This is called quasi-order of 2 mod b, with b = 2*n+1, for n >= 1, in the Hilton/Pederson reference.

For the complexity of computing this, see A002326.

Also, the order of the so-called "milk shuffle" of a deck of n cards, which maps cards (1,2,...,n) to (1,n,2,n-1,3,n-2,...). See the paper of Lévy. - Jeffrey Shallit, Jun 09 2019

It appears that under iteration of the base-n Kaprekar map, for even n > 2 (A165012, A165051, A165090, A151949 in bases 4, 6, 8, 10), almost all cycles are of length a(n/2 - 1); proved under the additional constraint that the cycle contains at least one element satisfying "number of digits (n-1) - number of digits 0 = o(total number of digits)". - Joseph Myers, Sep 05 2009

From Gary W. Adamson, Sep 20 2011: (Start)

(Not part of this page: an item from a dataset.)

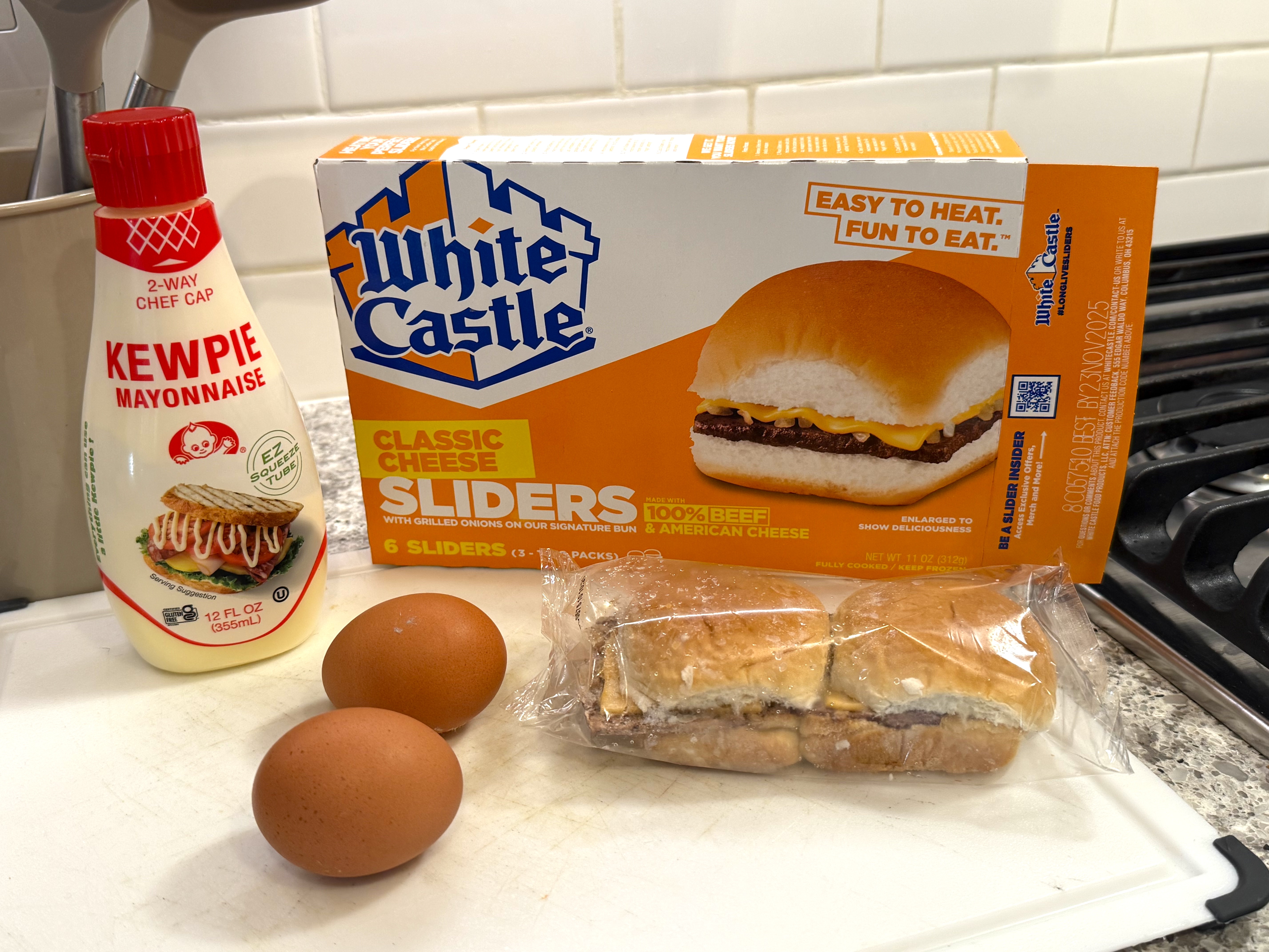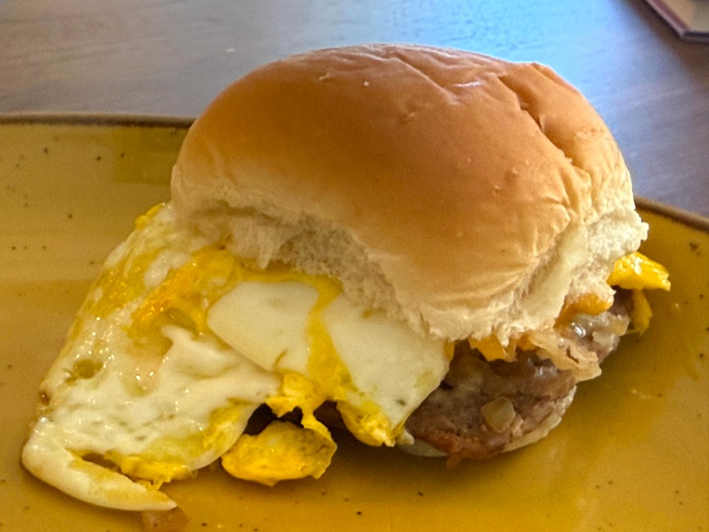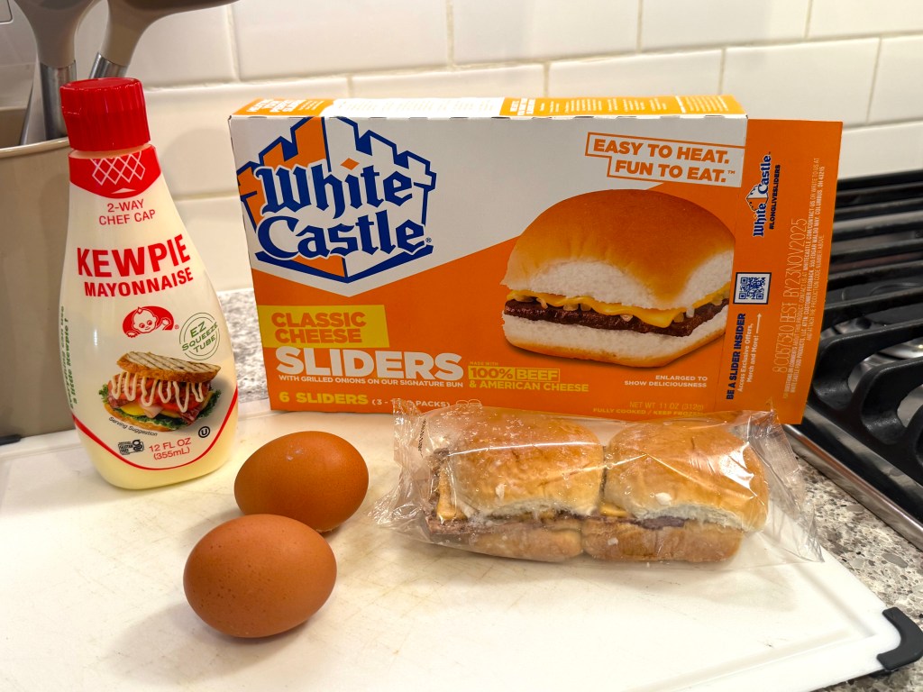 I had some eggs at home and didn’t feel like scrambled eggs for breakfast – and didn’t want a big meal at all – so what to do? Well, using the box of frozen White Castle cheeseburgers I had, I got cooking!

a(n) can be determined by the cycle lengths of iterates using x^2 - 2, seed 2*cos(2*Pi/N); as shown in the A065941 comment of Sep 06 2011. The iterative map of the logistic equation 4x*(1-x) is likewise chaotic with the same cycle lengths but initiating the trajectory with sin^2(2*Pi/N), N = 2n+1 [Kappraff & Adamson, 2004]. Chaotic terms with the identical cycle lengths can be obtained by applying Newton's method to i = sqrt(-1) [Strang, also Kappraff and Adamson, 2003], resulting in the morphism for the cot(2*Pi/N) trajectory: (x^2-1)/2x. (End)

From Gary W. Adamson, Sep 11 2019: (Start)

Using x^2 - 2 with seed 2*cos(Pi/7), we obtain the period-three trajectory 1.8019377...-> 1.24697...-> -0.445041... For an odd prime N, the trajectory terms represent diagonal lengths of regular star 2N-gons, with edge the shortest value (0.445... in this case.) (Cf. "Polygons and Chaos", p. 9, Fig 4.) We can normalize such lengths by dividing through with the lowest value, giving 3 diagonals of the 14-gon: (1, 2.801937..., 4.048917...). Label the terms ranked in magnitude with odd integers (1, 3, 5), and we find that the diagonal lengths are in agreement with the diagonal formula (sin(j*Pi)/14)/(sin(Pi/14)), with j = (1,3,5). (End)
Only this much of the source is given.